Ferrari Guy Pleads ‘Nolo’ on All Counts to Bring Case to Close
Photo credit, AP/Ric FrancisIMAGE—Bo Stefan Eriksson’s change of appearance for the 10-day trial that ended in a hung jury last week gave way to prison garb when he pled out of three charges in Superior Court on Tuesday.

Photo credit, MSN/Frank Lamonea
TEAMWORK—Deputy District Attorneys Tamara Hall and Loren Naiman of the DA’s auto insurance fraud unit successfully prosecuted embezzlement and felony gun charges against the former Gizmondo video game company executive and sometime Formula One auto racer who was at the center of an international media maelstrom when he crashed a rare million-dollar-plus Enzo Ferrari in Malibu last February.
TEAMWORK—Deputy District Attorneys Tamara Hall and Loren Naiman of the DA’s auto insurance fraud unit successfully prosecuted embezzlement and felony gun charges against the former Gizmondo video game company executive and sometime Formula One auto racer who was at the center of an international media maelstrom when he crashed a rare million-dollar-plus Enzo Ferrari in Malibu last February.
• Swede Is Expected to Serve One Year of Concurrent Three-Year Sentences and Then Be Deported
BY ANNE SOBLE
Four days after a Superior Court jury deadlocked in the case, the Swedish businessman and ex-felon, who was unceremoniously dubbed “Ferrari Guy” for his spectacular high-speed wreck of a rare, million-dollar-plus Enzo Ferrari in Malibu in February, pleaded no contest Tuesday to two counts of embezzlement and one count of felon-in-possession-of-a-gun.
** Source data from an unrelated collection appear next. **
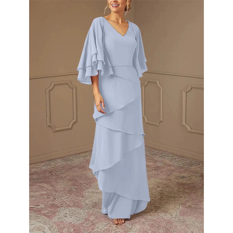 Slim fit/pillar V-neck mother of the bride dress
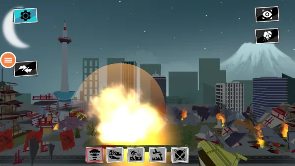 它有丰富多样的武器,像炸弹、导弹等,你可以自由选择并针对城市不同目标精准打击,比如投掷炸弹能瞬间夷平高楼。还能依据战场形势灵活搭配武器,创造独特攻击效果,像召唤龙卷风卷起飞舞的路灯后再用导弹轰炸周边。随着游戏推进,虽挑战增多,但能让你不断调整策略。
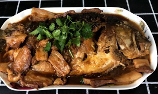 3、放入生抽、适量老抽上色,料酒锅边淋入去腥,放两勺黄豆酱,放入两勺自制剁椒酱、然后再放入两勺白糖提鲜、盐一勺,再放入凉水水量要多一点,然后盖上锅盖大火烧开,中小火慢炖三十分钟,汤汁收的差不多时,再放入青红椒烧制断生即可装盘。
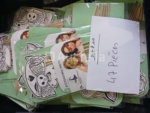 Set van +/-48 grote A4-mappen - nieuw Set van +/-12 grote pakjes crêpepapier - nieuw voor doe-het-zelf of anders - nieuw Set van +/-6 potten voor bloemstukken - nieuw Pakje van +/-47 pakjes kleurmaskers - nieuw

The embezzlement charges stem from two sports cars, a second Enzo and a Mercedes McLaren SLR, that were leased from British financial institutions and brought to the United States without their permission before Bo Stefan Eriksson ceased making payments on the cars last year.
The surprise plea before Judge Patricia Schnegg came as the court was preparing for a separate second trial on the firearm charge and the retrial next month on a total of four counts of embezzlement and grand theft related to the two supercars that have since been returned to the UK.
The grand theft charges were dismissed as part of this week’s plea deal, which included admission of the allegation that the fraud exceeded $500,000 and packaged his earlier no contest plea on one count of misdemeanor DUI. Eriksson also acknowledged his 1994 conviction for fraud in Sweden.
Judge Schnegg immediately sentenced the 44-year-old to three years in state prison on each embezzlement count and six months on the DUI conviction. All sentences will run concurrently, and Eriksson will get credit for time served, which might mean that he could be out of jail as early as next November.
The former Gizmondo video game company executive was also ordered to pay $5000 in restitution. Another restitution hearing is set for Dec. 7, the date the retrial process was slated to start.
Eriksson’s Bel-Air home, estimated to be worth between $3.9 million and $5.2 million, has been seized and is being sold by a court-appointed receiver to pay the lessors of the cars and fines.
Eriksson’s high-profile defense team of Jim Parkman and William White of The Cochran Firm in Birmingham, Alabama, and Alec Rose, a Southern California criminal law specialist, indicated Tuesday afternoon that the pleading “was what Stefan wanted to do.”
Lead attorney Jim Parkman suddenly returned to Alabama last weekend, prompting some court observers to ask where the Ferrari case was heading after the jury deadlocked last Friday, 10-2, in favor of conviction.
The Cochran Firm recently filed a Notice of Appearance as counsel for Richard Scrushy in the post-trial phase of the high-profile HealthSouth case in Alabama that put the legal team in the media spotlight. Hearings in that case are getting under way.
Regarding the unexpected Eriksson plea deal, Parkman would only state, “Stefan came to an agreement [and he], the defense and the DA took a look at the case and where we were at.”
Although Eriksson had already turned down a plea offer, Parkman said, “Stefan had concerns overall, about both the cost and the energy of continuing the case. He wanted to move on, and ultimately be out of jail in a year. [He] believes that he can be successful in the future.”
Deputy DAs Tamara Hall and Loren Naiman served as the prosecutors. After the court session, Hall said that Eriksson “will be deported after he serves his prison term and will not be allowed to return to the United States.”
Hall summed up the District Attorney’s office’s contention that “justice was served by this plea. This is a fair resolution and is consistent with a majority of jurors who found him guilty on the embezzlement charges.”